The Best Movie Moments of 2018, So Far — IndieWire Critics Survey

The year is almost halfway over, so we asked our panel of film critics to reflect on the screen moments that have defined 2018 so far.
"Annihilation"
"Annihilation"

Matt Singer (@mattsinger), Screencrush

The obvious choice, which requires no additional explanation or defense:

Courtney Howard (@Lulamaybelle) Freelance for FreshFiction, SassyMamaInLA

There’s a lot of hilarious hijinks afoot in directors John Francis Daley and Jonathan Goldstein’s “Game Night” that qualify for this category. But perhaps the most indelible scene takes less than thirty seconds of screen time and involves Rachel McAdams’ amazing skills, a genuinely funny scenario, sharp editing and fantastic direction.

During the third act climax, McAdams’ highly competitive character, Annie, is apprehended in front of the villain’s (Michael C. Hall) private jet by one of his beefy henchman (Chad Lail). To stall him from shooting her, she lies, saying she’s got kids at home. He calls her bluff, stating, “Not with that ass, you don’t.” She adorably accepts the compliment. After he accidentally gets sucked into the turbine, Annie lets out a triumphant “Yes!” but instantly realizes “Oh, no, he died!”
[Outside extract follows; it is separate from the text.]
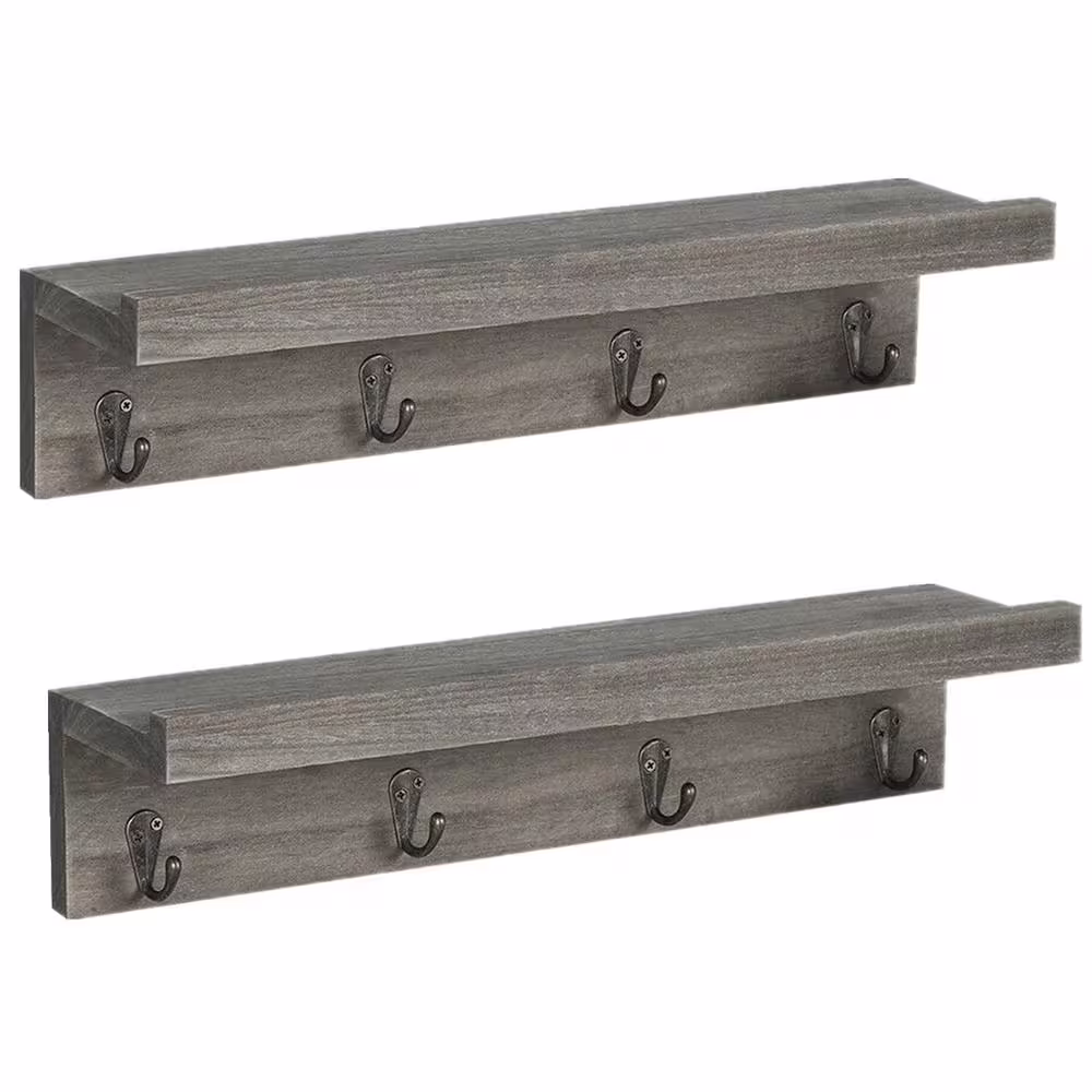 None Rustic Green Wood Coat Rack Wall Mount Shelf with 4-Dual Hooks Hooks (Set of 2)

Both of the actors hit their dialogue with precise comedic timing and physicality. Not only that, the scene perfectly distills the action, drama, thrills and darkly comedic tones of Mark Perez’s smart script, and highlights the snappy pace of David Egan, Jamie Gross and Gregory Plotkin’s cuts. As illustrated in less than thirty seconds, this whole film is one whip-smart, perfect package.

Rob Thomas (@robt77), Madison Capital Times

“Oh, no, he died!” from “Game Night.”

Between seeing the movie twice and seeing the trailer, I must have watched Rachel McAdams’ delivery of this line dozens of times by now. And it makes me laugh EVERY time. She knows she’s not supposed to be cheering a guy getting sucked into a jet engine, but can’t quite fake what she knows she OUGHT to say. In a way, it encapsulates the entire joke of the movie, of nice middle-class couples getting pulled into a dark world of crime and violence and kind of digging it despite themselves. But it also just reminds us that McAdams is a comic genius when she’s given the opportunity – which isn’t nearly enough.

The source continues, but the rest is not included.